### Description of the task
Could you retype exactly the lines below between the one holding "抗美援朝戰(zhàn)爭(z" and the one holding "Как сделать салат", inclusive, leaving out any pictures?

### Exercise data

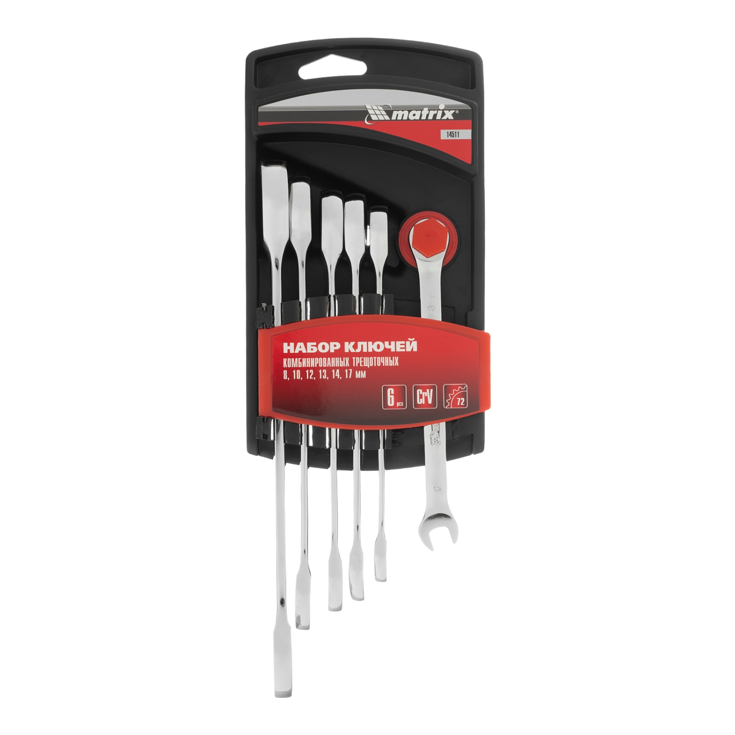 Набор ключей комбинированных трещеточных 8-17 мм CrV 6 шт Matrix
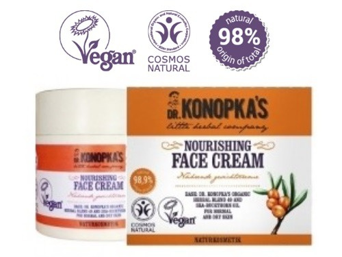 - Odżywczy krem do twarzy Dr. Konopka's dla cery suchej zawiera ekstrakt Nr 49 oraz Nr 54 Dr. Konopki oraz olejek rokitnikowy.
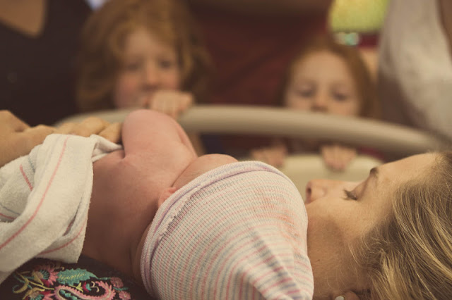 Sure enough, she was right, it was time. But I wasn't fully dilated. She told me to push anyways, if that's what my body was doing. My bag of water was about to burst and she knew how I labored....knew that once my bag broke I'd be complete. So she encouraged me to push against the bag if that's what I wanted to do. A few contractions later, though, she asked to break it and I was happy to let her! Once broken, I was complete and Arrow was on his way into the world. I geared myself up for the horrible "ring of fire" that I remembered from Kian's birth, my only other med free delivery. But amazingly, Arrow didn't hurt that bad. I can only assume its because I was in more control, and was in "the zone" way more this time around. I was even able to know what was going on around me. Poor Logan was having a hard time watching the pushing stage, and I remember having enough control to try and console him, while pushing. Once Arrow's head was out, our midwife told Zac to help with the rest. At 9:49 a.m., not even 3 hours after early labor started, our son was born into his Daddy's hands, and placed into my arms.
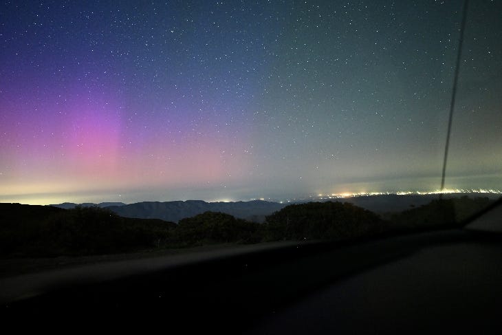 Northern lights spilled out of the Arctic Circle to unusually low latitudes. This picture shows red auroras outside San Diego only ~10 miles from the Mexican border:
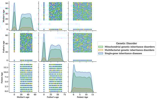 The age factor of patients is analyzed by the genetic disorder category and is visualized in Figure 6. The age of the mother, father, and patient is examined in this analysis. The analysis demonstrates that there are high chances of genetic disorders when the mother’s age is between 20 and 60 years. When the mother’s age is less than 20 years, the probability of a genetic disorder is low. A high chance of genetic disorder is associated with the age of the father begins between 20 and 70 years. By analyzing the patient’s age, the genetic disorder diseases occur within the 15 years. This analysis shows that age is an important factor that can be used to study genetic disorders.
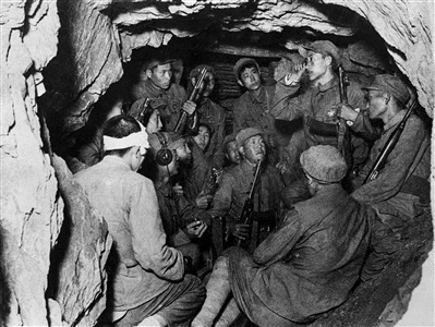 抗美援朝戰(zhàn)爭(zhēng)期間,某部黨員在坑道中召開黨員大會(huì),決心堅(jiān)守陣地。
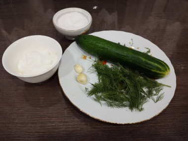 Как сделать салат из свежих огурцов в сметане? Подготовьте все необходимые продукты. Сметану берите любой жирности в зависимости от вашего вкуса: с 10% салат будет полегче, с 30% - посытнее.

* * *

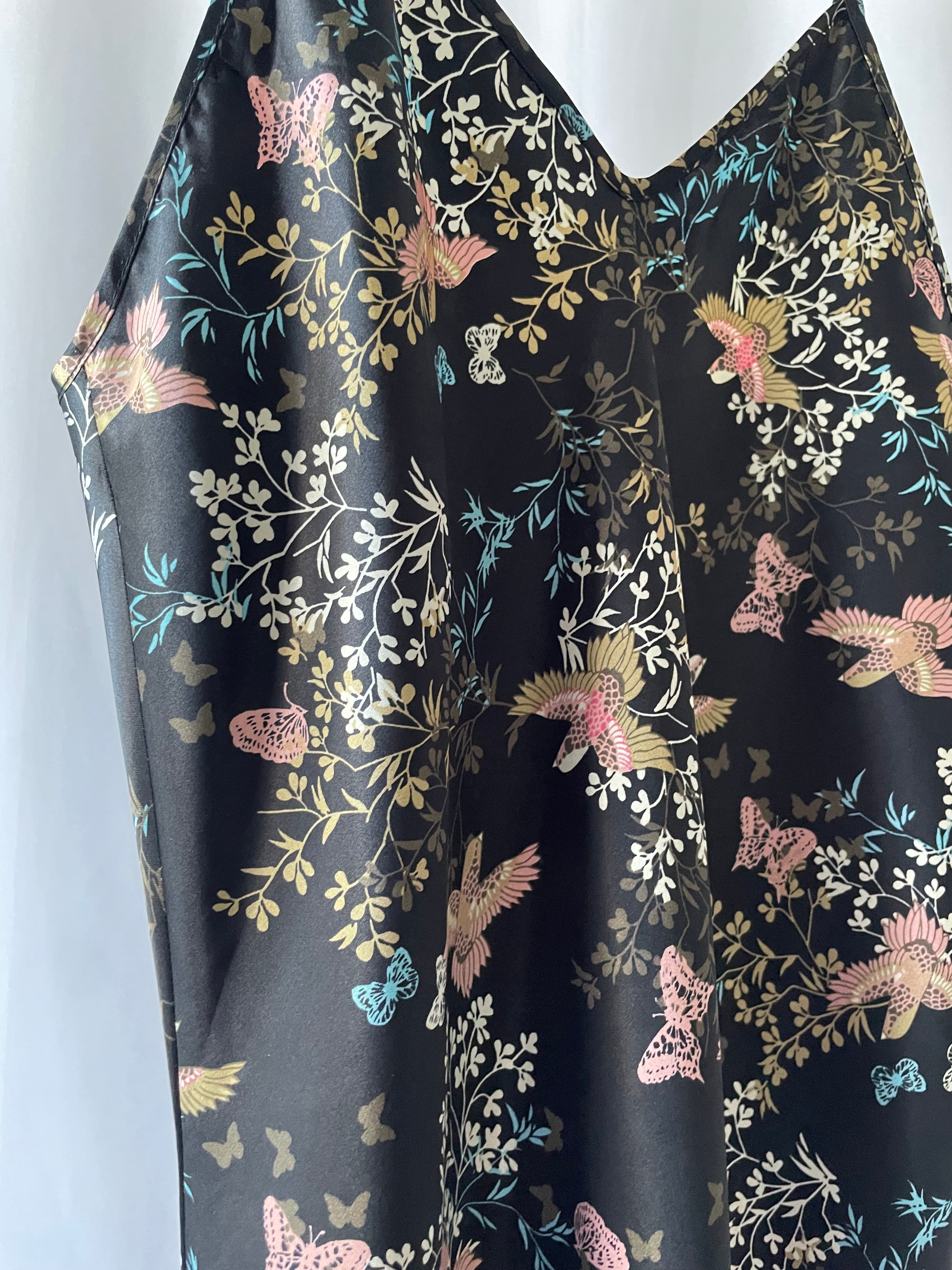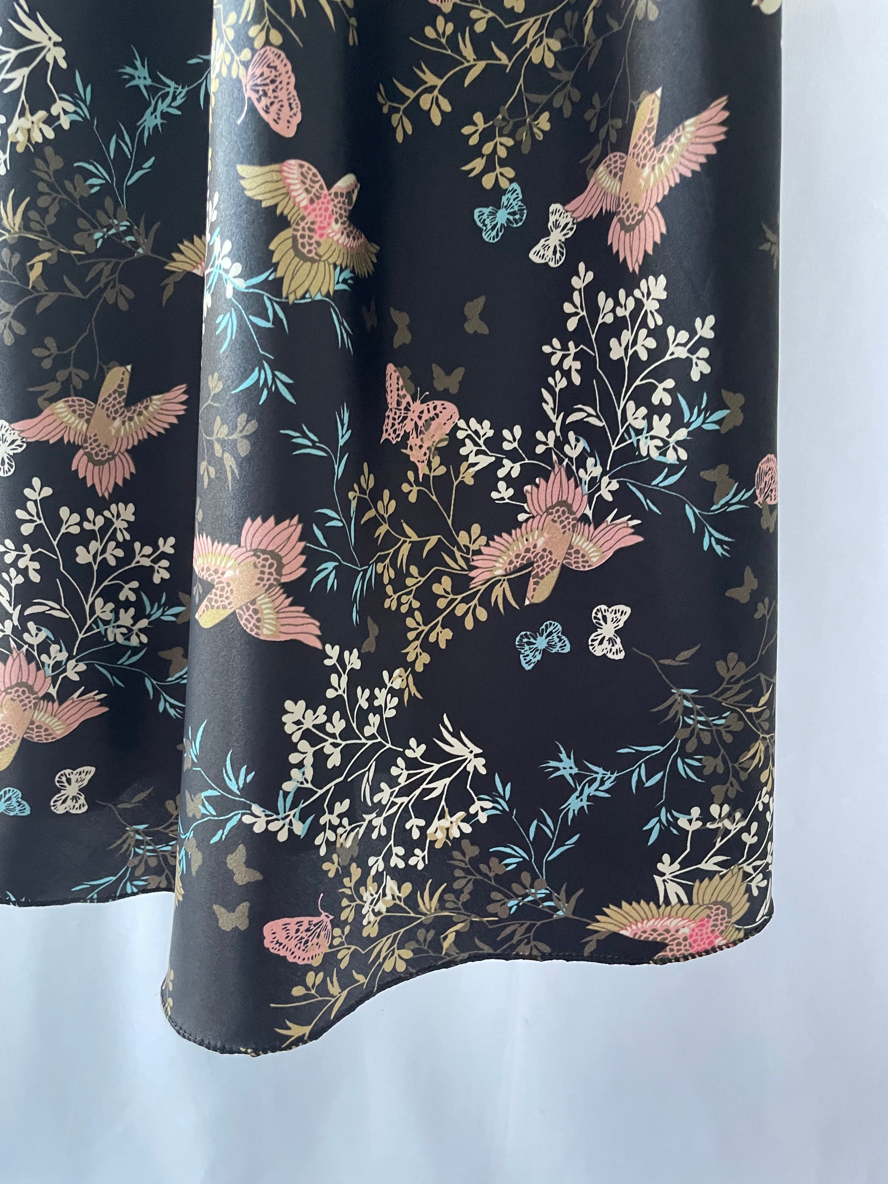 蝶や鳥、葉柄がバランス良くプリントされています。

* * *

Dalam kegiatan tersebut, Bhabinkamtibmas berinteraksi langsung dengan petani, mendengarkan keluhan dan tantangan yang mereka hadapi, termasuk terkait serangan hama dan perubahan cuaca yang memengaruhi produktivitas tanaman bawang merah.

### Answer space
 抗美援朝戰(zhàn)爭(zhēng)期間,某部黨員在坑道中召開黨員大會(huì),決心堅(jiān)守陣地。
 Как сделать салат из свежих огурцов в сметане? Подготовьте все необходимые продукты. Сметану берите любой жирности в зависимости от вашего вкуса: с 10% салат будет полегче, с 30% - посытнее.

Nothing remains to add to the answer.